There’s a misconception that social media is the best way for authors and publishers to promote their books. But ask any web marketing expert, and he or she will tell you that e-mail remains one of the most effective ways to drive sales. That’s why building your author mailing list is so important even before you publish.
Building the list is step one. Using it effectively to sell books is the all-important step two.
How to Market Books by E-mail
The inspiration for this post came when I received four book marketing e-mails within a couple of days. These were all from opt-in mailing lists that I joined, because I wanted to see how they go about selling books:
We have four contenders here, all with different positions in the market. Note, the links below will take you to their sign-up pages.
- BookPerk an e-mail service by HarperCollins that offers “e-book bargains, sneak peeks, special offers, and more– delivered straight to your inbox” in the form of a daily e-mail.
- Tor.com, the relatively new digital-first imprint of a major SF/F publisher that focuses on novellas. This e-mail coincides with the official launch of their first titles, which has been the subject of a major promotional push for over a year.
- BookBub, a book discovery (for readers) and promotion (for publishers) e-mail service provider. I’ve opted in to the “science fiction” and “fantasy” e-mail lists, so my daily e-mail usually has one selected deal (discounted/free e-book) from each genre. See also my BookBub analysis.
- Baen Books, a mid-sized SF/F publisher that publishes around 30 new titles per year. Note that their newsletter is aimed at promoting their print catalogue, whereas the others are aimed at selling e-books.
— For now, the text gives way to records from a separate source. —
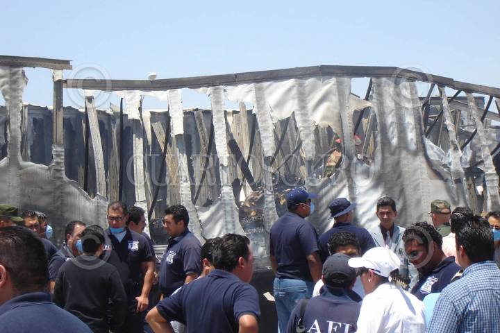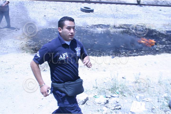 CD. JUAREZ. CHIHUAHUA. 30DEMAYO2006.- Un helicoptero que tripulaban tres agentes de la AFI, se estrelló por una falla mecanica, lo cual produjo una explosión, los tripulantes al intentar planear sobre la mauiladora Philips de el parqe industrial 5, se estrelló en las cajas de carga de de donde transportan los componentes electronicos, la maquila se encuentra junto a las vias de el ferrocarril por lo que dificultó el aceso a los camiones de bomberos y a la prensa. FOTO: Javier Aguilar/Periodico El Norte de Ciudad Juarez/CUARTOSCURO.COM
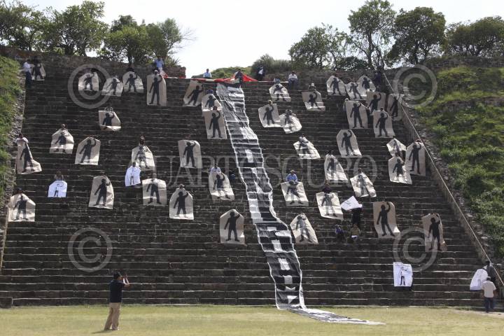 OAXACA, OAXACA, 12NOVIEMBRE2014.- Integrantes la organización, Comuna Oaxaca que encabeza Flavio Sosa Villavicencio, ex líder de la Asamblea Popular de los Pueblos de Oaxaca (APPO) protestaron este medio día en la zona arqueológica de Monte Albán, donde colocaron 43 siluetas en representación de los normalistas desaparecidos en Iguala, Guerrero. Con esto los manifestantes exigieron la presentación con vida de los estudiantes. FOTO: ARTURO PÉREZ ALFONSO /CUARTOSCURO.COM
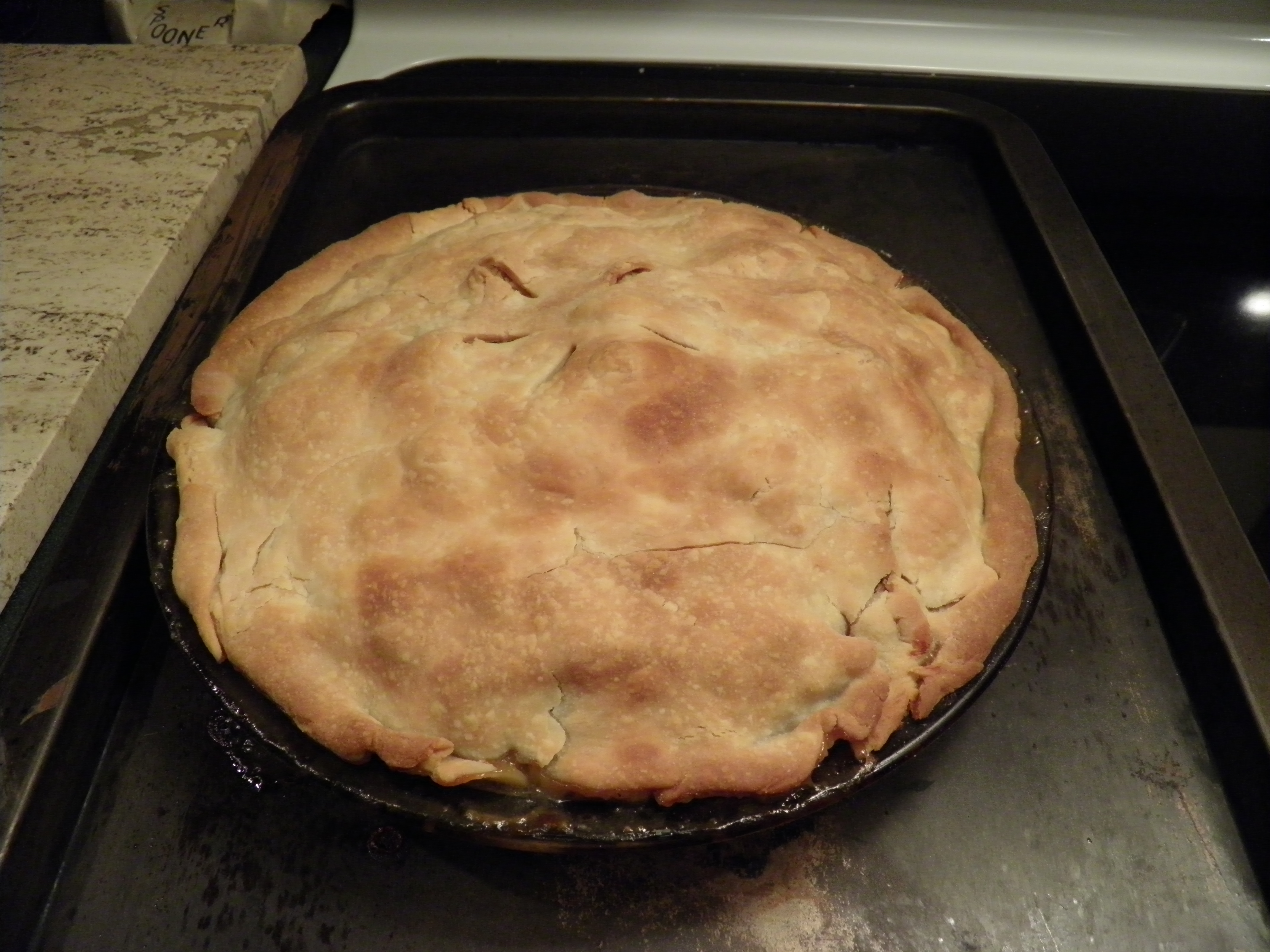 Roll out your pie crust, cut several vent slits in the top, and lay it over your filling. You can crimp the edges if you like. Place the pie on a cookie sheet to prevent it from bubbling over onto the bottom of your oven.

Importantly, I have a relationship with all four of these companies: HarperCollins is publishing my debut novel The Rogue Retrieval. Tor.com is considering some of my shorter fiction. A close friend of mine works at BookBub, and I’ve agreed to contribute an article to Baen.com for 2016.
Even so, I’ll do my best to be fair. Now, let’s examine how each of these different companies uses e-mail to promote and sell books.
E-mail Subject Lines
All three companies take a very different approach at the subject line.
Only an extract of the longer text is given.